Essa postura da revista vai ao encontro do estilo de vida que Pereira da Silva adotou ao longo de sua trajetória: um isolamento estético, político e social, restrito aos seus pares, e sem grandes lucros do ponto de vista econômico, como Azevedo (1966) relembra, em seu livro Eles deixaram saudades, ao relatar o episódio da morte de Pereira da Silva, transcrevendo trechos da seção de Austregésilo de Athayde, em O Jornal, sobre o velório do poeta. Nela, Austregésilo de Athayde considera uma incoerência ver o caixão do poeta na ABL com toda pompa e cerimônias, pois considera que:

A morte do homem não deve ser diferente da sua vida. E, Pereira da Silva era a negação da pompa, das cerimônias protocolares, das coisas vistosas com que se enfeita a vaidade humana. Tudo nele era discreto, vinha muito do fundo da alma e tinha a mesma aparência triste e despreocupada de seu físico. [...] Nunca assinava os artigos e teimosamente preferia ficar anônimo nos editoriais que poderiam bem colocá-lo entre os mais ilustres servidores da imprensa em nossa terra (AZEVEDO, 1966, p.35).

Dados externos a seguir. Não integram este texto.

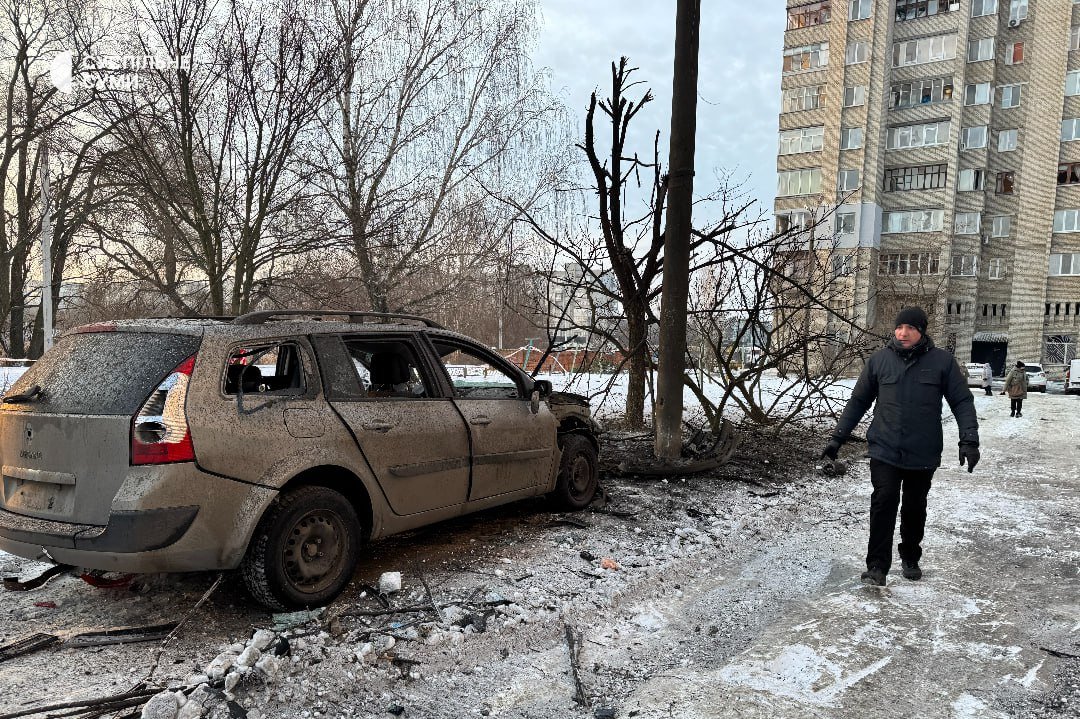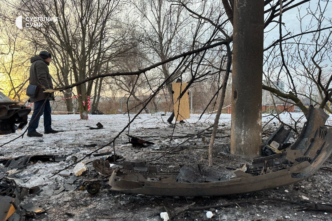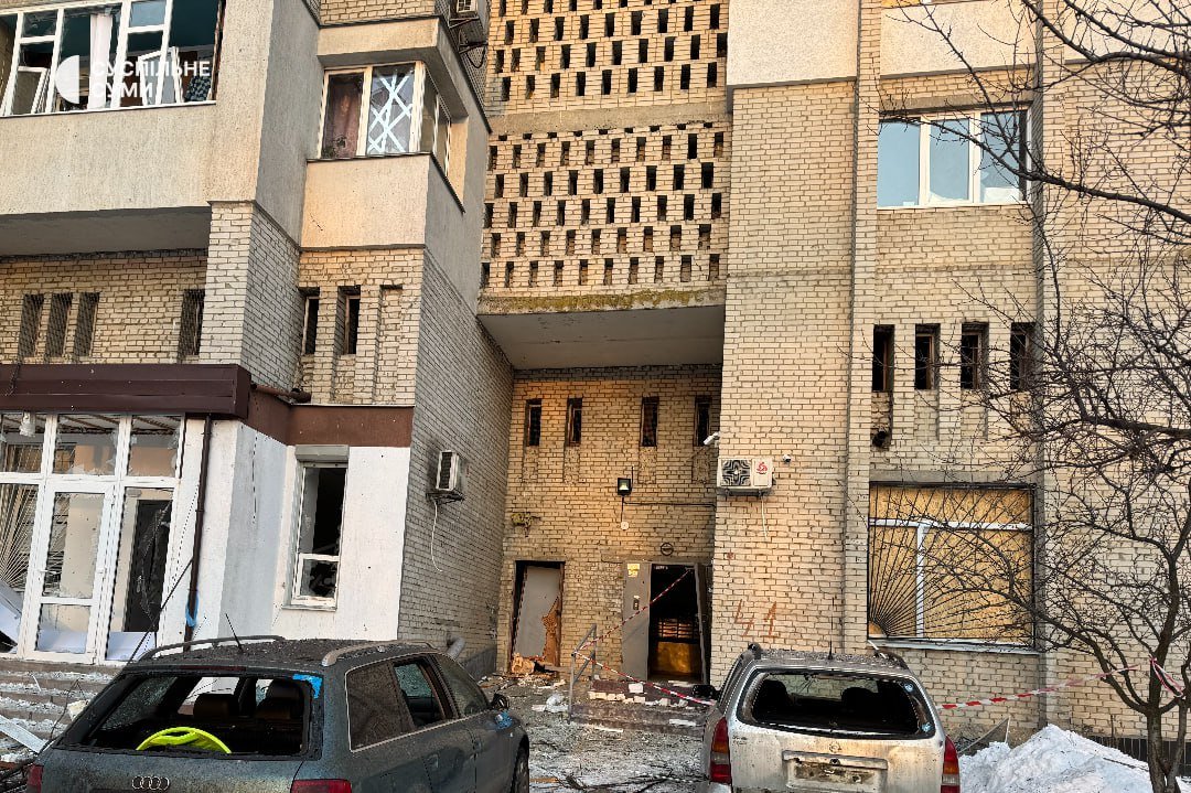 5 лютого близько 2:30 російський дрон типу “Герань-2” влучив у двір багатоквартирного будинку в Зарічному районі Сум.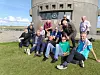 Die Gäste aus Ostholstein, die von Jacob Lorenzen (hinter Reihe, 3 .v. r.) und Ralf Sehstedt (l.), Vertreter der Nordschleswigschen Gemeinde begleitet wurden, bei der alten Sturmflutsäule in Hoyer. In der Mitte Pastorin Dorothea Lindow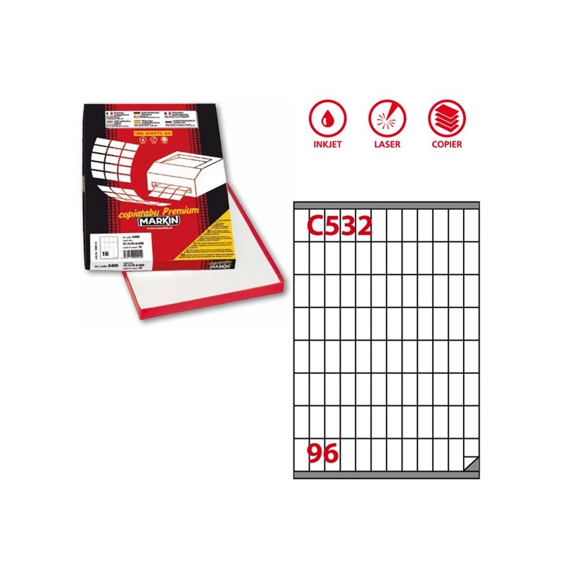 Scatola da 100 fogli di etichette in carta adesiva permanente in formato 21x29,7cm adatti per fotocopiatrici, stampanti laser, inkjet.
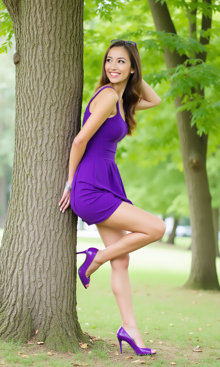 swfaw, <front view|side view>, (スリムな25歳の女の子) が赤いトップスと短い黄色のスカート、ハイヒールを履いて、公園の木に背中を預けて寄りかかっている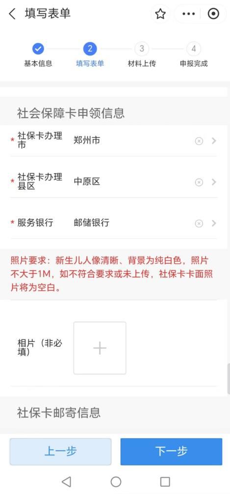 选择社保卡办理市、县和服务银行。新生儿照片可选择上传也可以选择不上传,若不上传照片或上传的照片不合格,新生儿社保卡照片处将会是空白。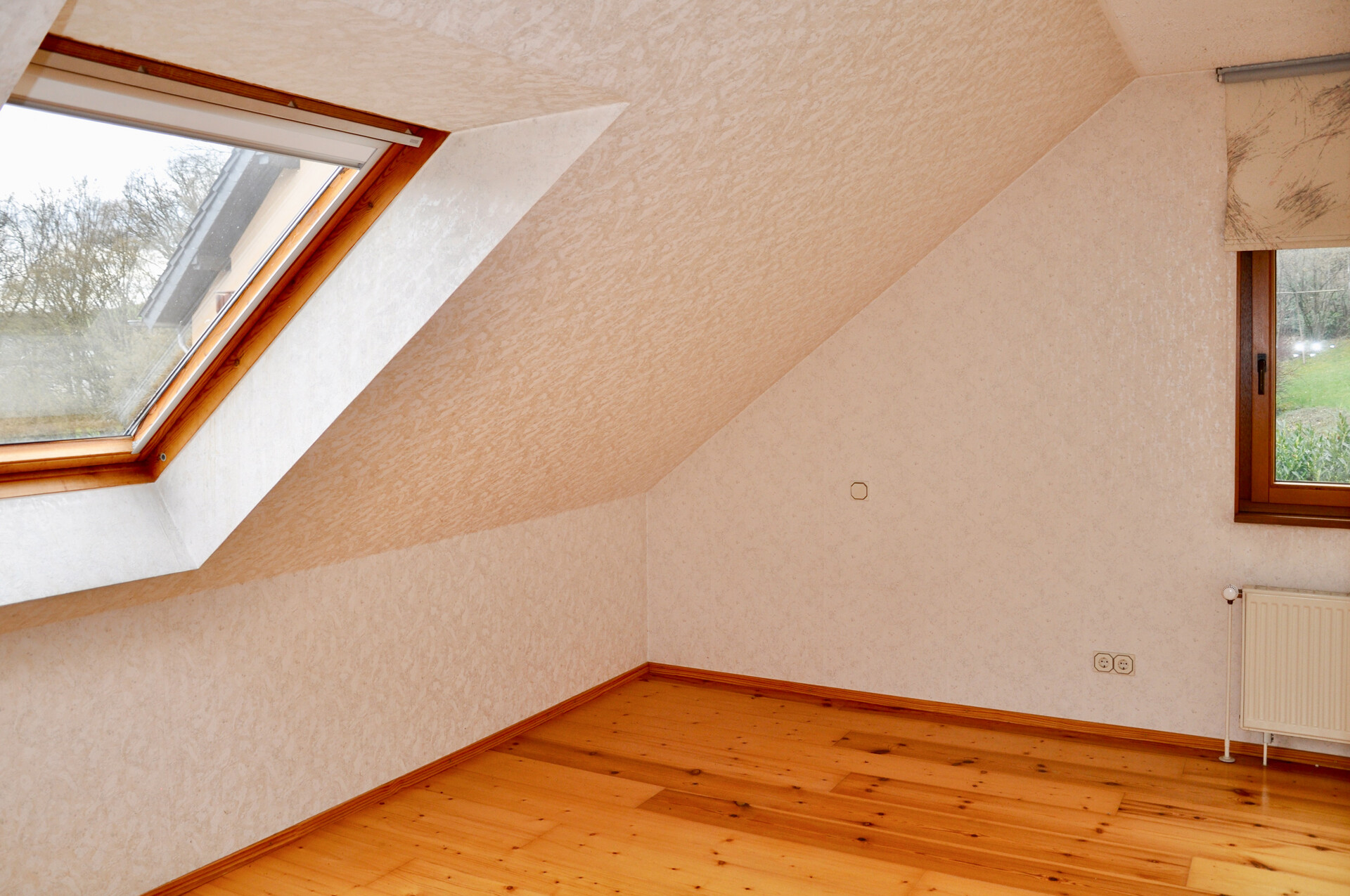 Dieses Einfamilienhaus in Fertigbauweise (Fa. Streif) überzeugt durch seine ruhige Lage, in einer Sackgasse direkt am Waldrand. Von beiden Geschossen aus genießen Sie einen schönen Fernblick ins Grüne und in die Nachbarschaft. Die Immobilie präsentiert sich insgesamt in einem gestaltungsfreudigen Zustand mit reichlich Potenzial, eröffnet jedoch genau dadurch viel Spielraum, eigene Wohnideen zu verwirklichen und das Haus nach persönlichen Vorstellungen zu modernisieren. Das vorbereitete Dachgeschoss bietet die Option zur Schaffung einer separaten Wohneinheit – ideal für Mehrgenerationenwohnen oder zur Vermietung. Das Haus ist voll unterkellert, teilweise wohnlich ausgebaut, und verfügt über eine Garage. Besonders hervorzuheben ist, dass das Flachdach der Garage als großzügige Dachterrasse genutzt werden kann. Ein doppelzügiger Kamin ermöglicht zudem den Anschluss eines Kamins im Wohnzimmer.

O livro Eles deixaram saudades (1966) reúne uma coletânea de artigos sobre poetas que Jorge Azevedo julgou importantes e merecedores de serem lembrados, entre eles os poetas Pereira da Silva, Alphonsus de Guimaraens e Olavo Bilac, numa lista de 32 nomes. O próprio título do livro encerra em si mesmo o propósito dessa antologia: reavivar figuras do passado. No entanto, apesar de todo esforço por reavivar a poesia do passado, Pereira da Silva, diferentemente de Alphonsus de Guimaraens e Olavo Bilac, também relembrados nessa coletânea, e tantos outros da revista Rosa Cruz foram sendo apagados da memória cultural brasileira.